LA BASE DE CÁCERES RECIBE UN NUEVO CICLO DE ALUMNOS, EL PRIMERO QUE SE HA CONVOCADO EN 2022

Los 700 futuros soldados llegan al Cefot: "Estamos nerviosos y con muchas ganas"

Los aspirantes se incorporan ya sin protocolos aunque con certificado covid. Jurarán bandera a finales de julio, tendrán vacaciones en agosto y terminarán la formación en octubre

Aspirantes a soldado hacen su cama asignada en su compañía hasta que terminen su formación militar en Cáceres, este lunes. CarlaGraw

Una mezcla entre inquietud y entusiasmo. Es el ambiente que se respira en el Cefot cacereño cada vez que se incorpora una remesa de alumnos. Esta fue la estampa, precisamente, que ha protagonizado este lunes el acuartelamiento con la llegada de 776 futuros soldados, una cifra más reducida que en los anteriores ciclos en los que se han superado los mil, pero significativa en garantías para la continuidad de la base.

Como cada año, la mañana supuso un goteo de autobuses, coches y familias que se concentraban en las puertas del centro para despedir a sus vástagos. Los jóvenes permanecerán en la base hasta octubre. Jurarán bandera a finales de julio, el día 29, y como su estancia coincide con el verano, en agosto tendrán permiso de vacaciones. En relación a las restricciones, seguirán manteniendo grupos de convivencia pero podrán salir a la ciudad en su tiempo libre.

Recibimiento a los nuevos soldados en el Cefot, este martes. CarlaGraw

Coincidió, afortunadamente, su llegada con la bajada de las temperaturas que en semanas anteriores han llegado a superar los 30 grados. Por esta razón, una vez que formalizaron la documentación, el centro les repartió un gorro militar, que concedió a los nuevos alumnos, aún con sus ropas del exterior, cierta sensación de uniformidad.

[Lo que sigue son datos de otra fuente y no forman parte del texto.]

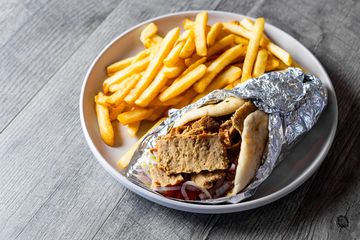 Wrapped in pita bread with lettuce, tomatoes, red onions and tzatziki.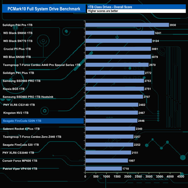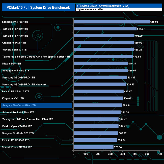 The 1TB Seagate FireCuda 520N produces an overall bandwidth figure for the benchmark of 393.01MB/s which sees the drive in the bottom half of the results chart.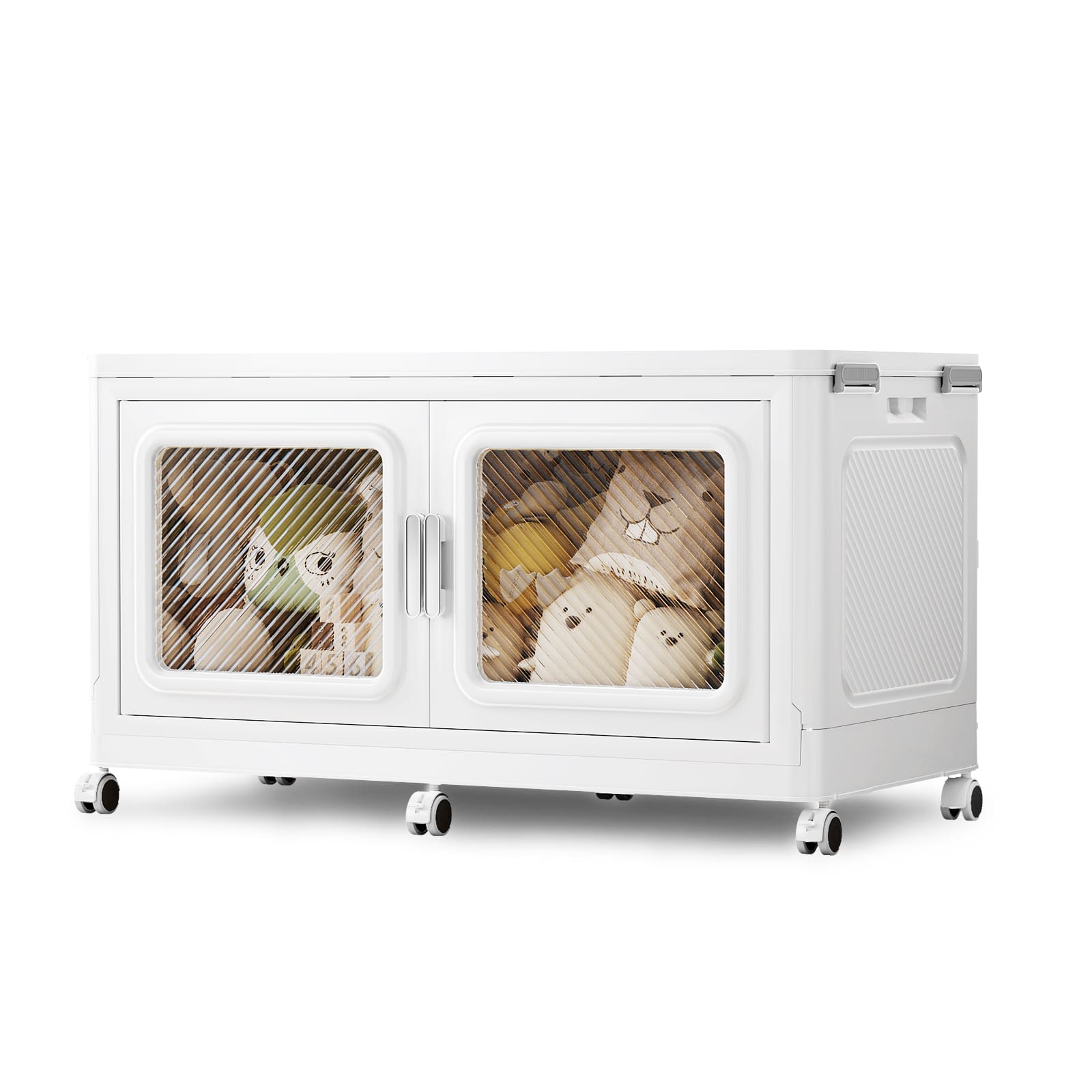 【Dual Opening Design】The BROVIEW V80 Plastic Storage Bins with Lid is features two opening methods - front double doors or top lid opening. The front door handle is designed with a magnetic lock, simply pull the handle to lock or unlock the storage cabinet. The front door opening is convenient for daily access, while the top opening is convenient for quick access to larger items such as clothes and blankets (One Lid, One Set)

Fueron los propios mandos del centro los que se encargaron de la logística que, cumpliendo con la herencia militar, se mantuvo coordinada en todo el recinto. Mientras un grupo formaba a unos metros, otro aguardaba frente a la peluquería para despedirse de su melena y último aguardaba frente al edificio de su futura compañía.

Entre ellos, no podía ocultar su nerviosismo en las primeras horas en la base Miriam Álvarez (20 años, Madrid), que entra en el Ejército porque lo ha vivido desde la infancia. Su padre es militar. Fue una de las más madrugadoras, llegó a las 7, y en la espera para completar su ingreso reconoce que está inquieta. Más templanza respira Teresa Baos (28 años, Madrid), deportista profesional y licenciada en Bellas Artes. El objetivo de la primera, ir a misiones, el de la segunda, "promocionar todo lo que pueda".

Un soldado pasa por la peluquería, este lunes. CarlaGraw

A unos metros se encuentran Gonzalo Jiménez (21 años, Sevilla) y Rubén Judas (19 años, Málaga), ambos con miras en la Policía Nacional. También son claros. "Estamos un poco nerviosos pero con muchas ganas de empezar", sostienen.

A partir de este lunes arrancarán un proceso de adaptación de dos semanas. Más tarde iniciarán la formación militar general y por último, completarán la fase de formación militar específica.